Some people are afflicted with the ‘niceness disease’. They are so involved with pleasing others that they don’t consider what would please them. Too often, they don’t even realize that this is a problem. Even just thinking about doing what would make them happy feels selfish. Unfortunately, these same people often find that others take advantage of them, or that they are just unhappy in their relationships.
I recently came across a book entitled Anxious To Please, which addressed just this group of people. The authors, James Rapson and Craig English, explain how these people can identify themselves:
Anxious to please others, especially people central in their lives
Tend to cling, ingratiate themselves, and overly adapt in relationships
Overly concerned with what others think of them
Poor judgment about when and to whom to disclose personal thoughts and feelings
Minimize faults and flaws of those they like
Minimize their unhappiness
Out of touch with their anger
The book also describes seven basic ways in which nice people can help themselves. I briefly describe these below, along with some of my thoughts about them:
Awareness Practice: To work through any problem, you must really understand it. To this end, it is essential that nice people pay attention to their thoughts, feelings, and behaviors – noting how these relate to and support their niceness.

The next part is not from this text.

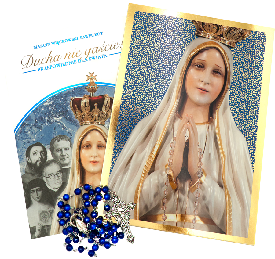 • poświęcony różaniec w barwach Maryjnych, pomocny w modlitwie, do której Matka Boża wielokrotnie wzywała w swoich objawieniach;

Desert Practice: Through the practice of solitude, nice people can learn to focus more on themselves, discovering their strengths. By recognizing and feeling good about your own strengths, you are more likely to see yourself as an equal partner in a relationship.
Warrior Practice: Take action based on what you believe is right (ethical) and what you feel you want to do. To act in this way, you need to learn to hold intense emotions while not being driven by them. You must also consciously think through your own ethical beliefs so that you will know how you want to act.

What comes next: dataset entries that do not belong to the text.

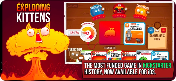 確かに、子猫を爆発させるユニークなゲームの1つは、友人と一緒に、または見知らぬ人とオンラインでプレイすることができます。ゲームの目的は、爆発した子猫と一緒にカードを描かないようにカードを描くことです。あなたがそれを見つけた場合、あなたは負けます。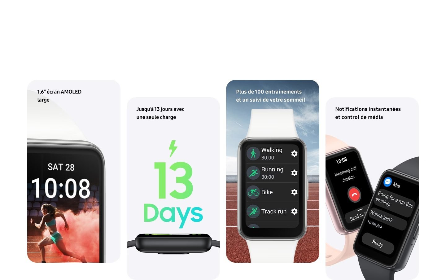 - Design Élégant : Avec un écran AMOLED vibrant, la Galaxy Fit3 présente un design moderne et léger, parfait pour un usage quotidien et lors de vos activités sportives.
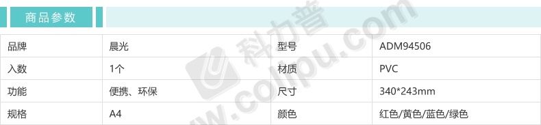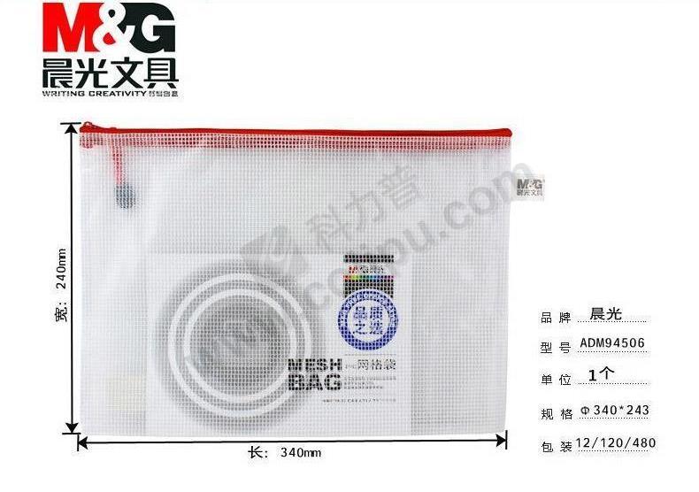晨光 M&G PVC拉链袋 ADM94506 A4 (红色、蓝色、黄色、绿色) (颜色随机)

Brotherhood and Sisterhood Practice: Build same-gender friendships to support you and your efforts to change. All people are strengthened by the support of friendships. This support is especially important during times when they feel vulnerable, such as when they are making personal changes.
Family Practice: Make sense of how childhood and family experience have led to you being ‘nice’. By understanding how you developed your tendency to be overly nice – to your own detriment – you are more likely to show yourself some of the support and compassion that you naturally give others.
Disillusionment Practice: Recognize that your hope to find a perfect partner who will meet all your needs and help you heal from any emotional pains is no more than a fantasy. This will free you to find a real person with whom you can develop an emotionally intimate relationship.